EXERCISE INSTRUCTIONS =>
In the material below, find the span from the line with "With seasoned ground" to the line with "O aplicativo Megapari" and transcribe only those lines, exactly, ends included, without the pictures.

PROVIDED DATA =>
+ + + +

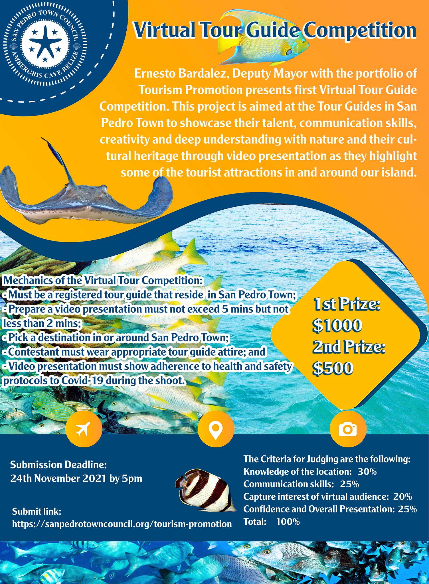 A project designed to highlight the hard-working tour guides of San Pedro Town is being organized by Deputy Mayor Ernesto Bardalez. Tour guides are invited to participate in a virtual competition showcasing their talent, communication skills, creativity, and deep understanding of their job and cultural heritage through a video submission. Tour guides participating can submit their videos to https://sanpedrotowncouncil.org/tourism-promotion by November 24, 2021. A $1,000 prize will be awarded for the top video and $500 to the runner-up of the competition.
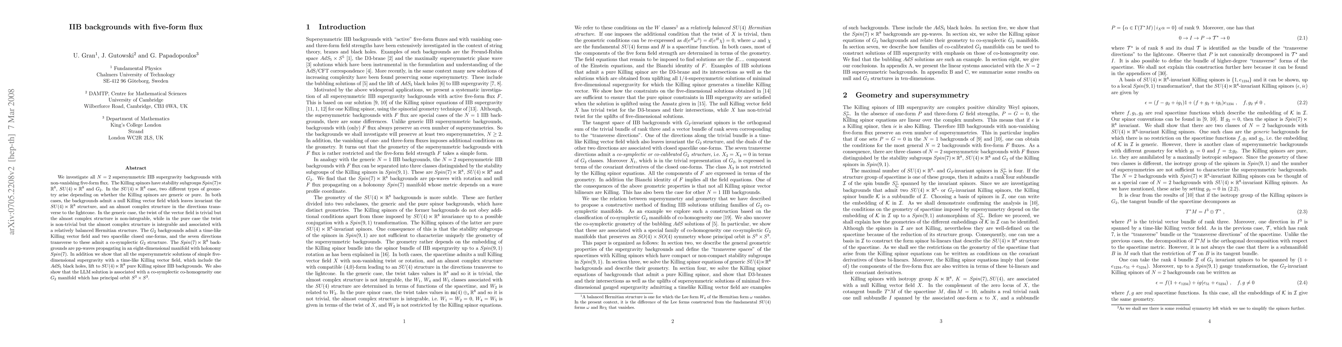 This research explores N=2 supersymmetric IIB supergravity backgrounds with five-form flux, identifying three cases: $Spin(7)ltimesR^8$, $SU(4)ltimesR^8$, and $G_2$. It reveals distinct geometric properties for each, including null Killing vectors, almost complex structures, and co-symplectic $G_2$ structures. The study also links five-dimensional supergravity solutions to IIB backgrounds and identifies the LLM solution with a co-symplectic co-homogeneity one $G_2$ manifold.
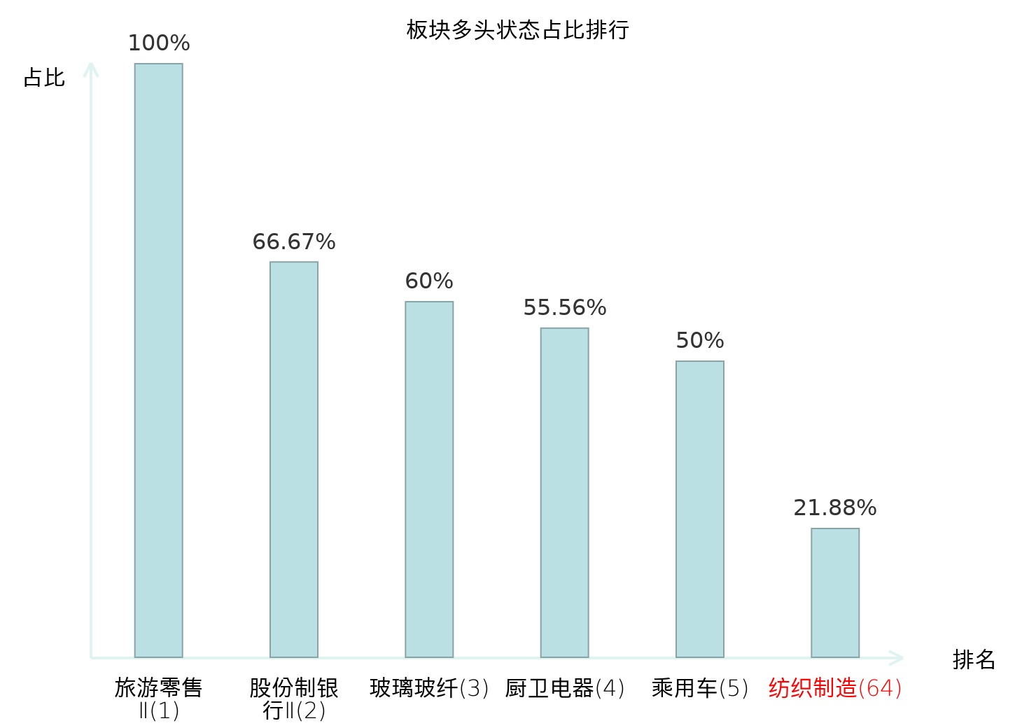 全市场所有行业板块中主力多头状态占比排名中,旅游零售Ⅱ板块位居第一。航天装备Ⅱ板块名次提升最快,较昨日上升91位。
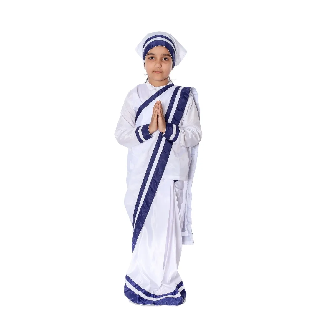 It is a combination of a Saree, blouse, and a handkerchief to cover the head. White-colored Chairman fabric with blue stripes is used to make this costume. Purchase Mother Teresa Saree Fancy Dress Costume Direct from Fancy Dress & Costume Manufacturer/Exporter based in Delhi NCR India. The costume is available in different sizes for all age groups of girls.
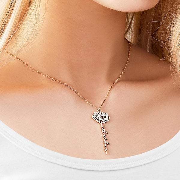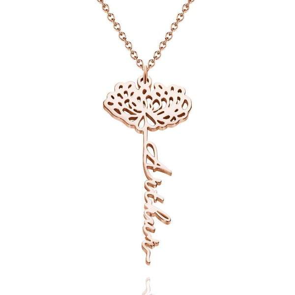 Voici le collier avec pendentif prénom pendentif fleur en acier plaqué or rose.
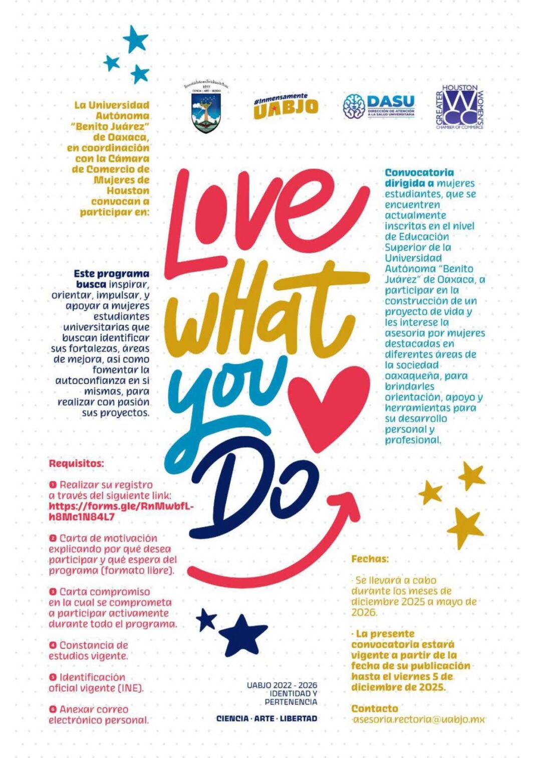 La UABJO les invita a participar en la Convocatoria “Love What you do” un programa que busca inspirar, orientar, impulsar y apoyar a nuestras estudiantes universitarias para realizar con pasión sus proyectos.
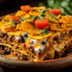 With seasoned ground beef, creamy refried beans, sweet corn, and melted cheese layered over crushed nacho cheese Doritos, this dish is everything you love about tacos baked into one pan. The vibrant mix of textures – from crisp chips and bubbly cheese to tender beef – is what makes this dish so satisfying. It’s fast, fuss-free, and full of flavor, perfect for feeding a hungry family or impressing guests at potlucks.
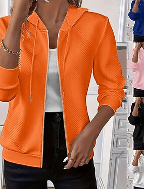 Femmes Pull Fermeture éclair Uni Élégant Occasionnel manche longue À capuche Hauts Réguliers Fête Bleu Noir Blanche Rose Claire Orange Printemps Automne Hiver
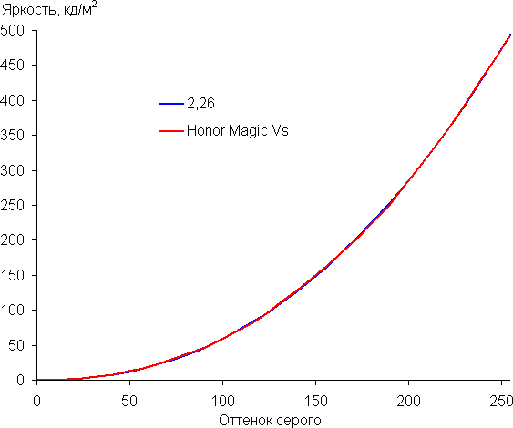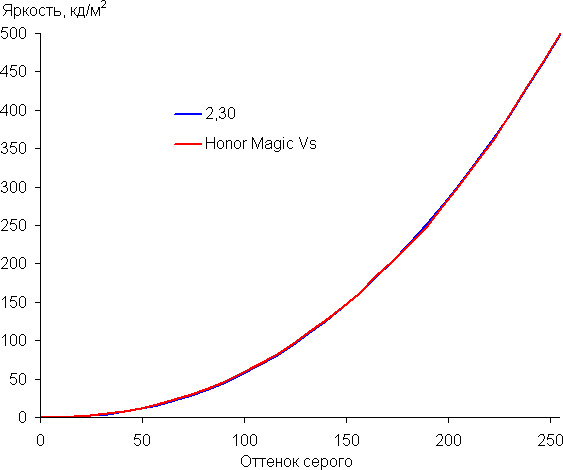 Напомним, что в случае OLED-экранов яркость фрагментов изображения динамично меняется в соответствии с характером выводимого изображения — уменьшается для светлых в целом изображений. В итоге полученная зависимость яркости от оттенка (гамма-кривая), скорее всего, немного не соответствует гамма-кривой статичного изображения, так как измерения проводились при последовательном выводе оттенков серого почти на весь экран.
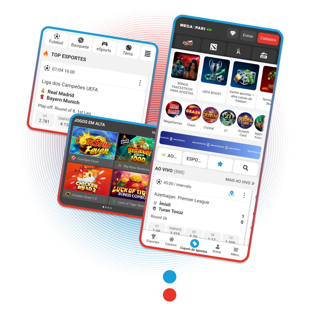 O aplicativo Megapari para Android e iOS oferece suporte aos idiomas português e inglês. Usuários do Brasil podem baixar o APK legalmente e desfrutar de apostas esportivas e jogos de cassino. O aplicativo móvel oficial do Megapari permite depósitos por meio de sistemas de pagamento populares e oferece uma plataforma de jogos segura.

+ + + +

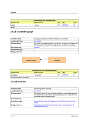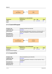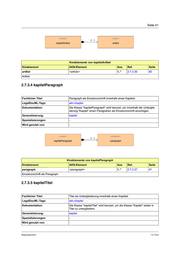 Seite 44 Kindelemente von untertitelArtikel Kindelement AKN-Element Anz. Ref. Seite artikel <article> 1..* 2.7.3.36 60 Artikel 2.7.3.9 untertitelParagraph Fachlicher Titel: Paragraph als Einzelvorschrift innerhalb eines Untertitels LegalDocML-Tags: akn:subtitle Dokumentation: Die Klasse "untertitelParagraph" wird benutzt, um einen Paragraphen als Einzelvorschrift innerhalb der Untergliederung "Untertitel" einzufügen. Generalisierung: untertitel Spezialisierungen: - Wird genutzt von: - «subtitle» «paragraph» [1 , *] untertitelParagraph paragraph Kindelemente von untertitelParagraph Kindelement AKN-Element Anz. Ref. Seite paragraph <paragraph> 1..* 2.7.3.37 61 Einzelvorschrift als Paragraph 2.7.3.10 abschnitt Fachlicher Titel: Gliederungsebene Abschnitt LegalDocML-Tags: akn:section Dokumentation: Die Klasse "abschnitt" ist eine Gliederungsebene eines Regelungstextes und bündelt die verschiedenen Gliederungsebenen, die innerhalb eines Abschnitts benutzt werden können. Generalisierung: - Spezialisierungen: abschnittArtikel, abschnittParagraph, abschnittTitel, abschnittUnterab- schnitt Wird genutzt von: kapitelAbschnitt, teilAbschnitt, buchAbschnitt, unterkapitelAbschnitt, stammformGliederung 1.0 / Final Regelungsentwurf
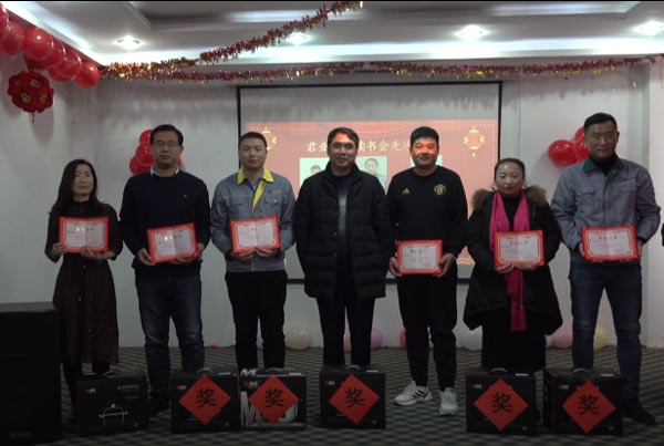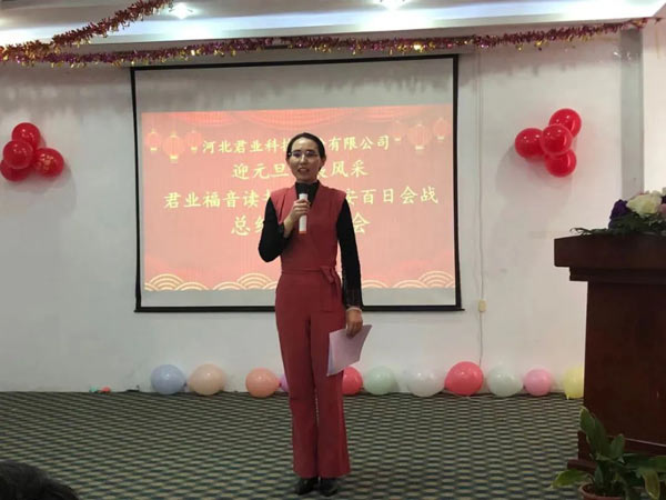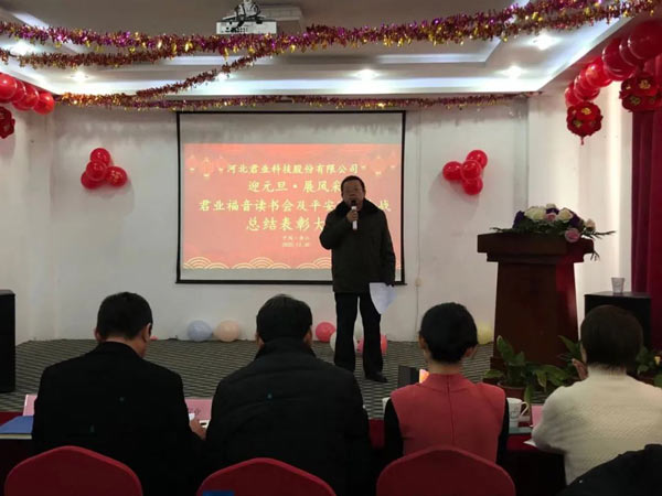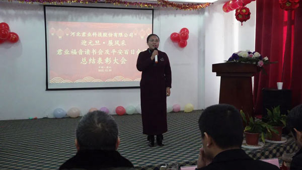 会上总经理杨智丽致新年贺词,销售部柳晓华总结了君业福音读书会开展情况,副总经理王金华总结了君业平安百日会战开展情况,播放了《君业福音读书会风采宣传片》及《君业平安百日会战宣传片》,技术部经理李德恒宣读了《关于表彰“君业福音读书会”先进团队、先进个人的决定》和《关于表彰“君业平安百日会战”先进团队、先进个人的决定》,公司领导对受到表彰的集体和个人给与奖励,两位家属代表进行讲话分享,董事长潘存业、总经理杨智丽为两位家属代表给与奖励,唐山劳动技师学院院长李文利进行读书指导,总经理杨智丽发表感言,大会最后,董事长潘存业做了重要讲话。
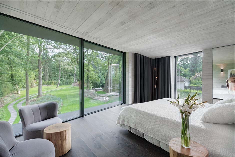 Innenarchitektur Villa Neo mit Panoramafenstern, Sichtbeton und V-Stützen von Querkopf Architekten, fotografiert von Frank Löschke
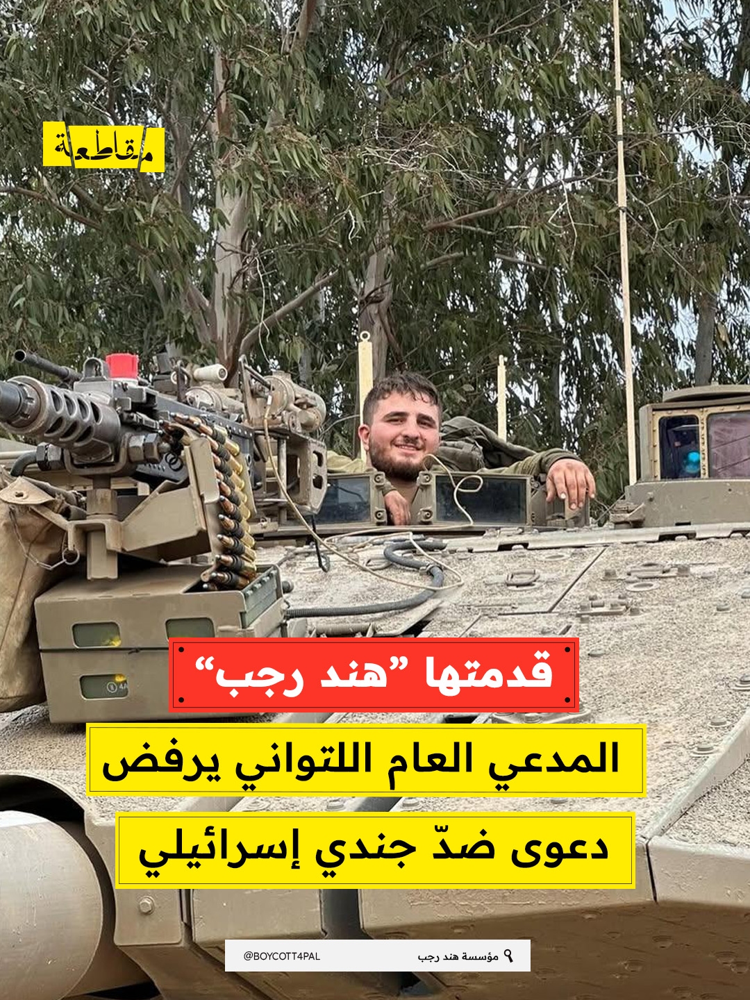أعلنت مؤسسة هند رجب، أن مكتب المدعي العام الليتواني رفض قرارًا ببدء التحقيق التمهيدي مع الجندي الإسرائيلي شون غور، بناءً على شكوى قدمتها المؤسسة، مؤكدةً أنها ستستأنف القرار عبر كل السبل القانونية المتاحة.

+ + + +

YOUR RESPONSE =>
 With seasoned ground beef, creamy refried beans, sweet corn, and melted cheese layered over crushed nacho cheese Doritos, this dish is everything you love about tacos baked into one pan. The vibrant mix of textures – from crisp chips and bubbly cheese to tender beef – is what makes this dish so satisfying. It’s fast, fuss-free, and full of flavor, perfect for feeding a hungry family or impressing guests at potlucks.
 Femmes Pull Fermeture éclair Uni Élégant Occasionnel manche longue À capuche Hauts Réguliers Fête Bleu Noir Blanche Rose Claire Orange Printemps Automne Hiver
 Напомним, что в случае OLED-экранов яркость фрагментов изображения динамично меняется в соответствии с характером выводимого изображения — уменьшается для светлых в целом изображений. В итоге полученная зависимость яркости от оттенка (гамма-кривая), скорее всего, немного не соответствует гамма-кривой статичного изображения, так как измерения проводились при последовательном выводе оттенков серого почти на весь экран.
 O aplicativo Megapari para Android e iOS oferece suporte aos idiomas português e inglês. Usuários do Brasil podem baixar o APK legalmente e desfrutar de apostas esportivas e jogos de cassino. O aplicativo móvel oficial do Megapari permite depósitos por meio de sistemas de pagamento populares e oferece uma plataforma de jogos segura.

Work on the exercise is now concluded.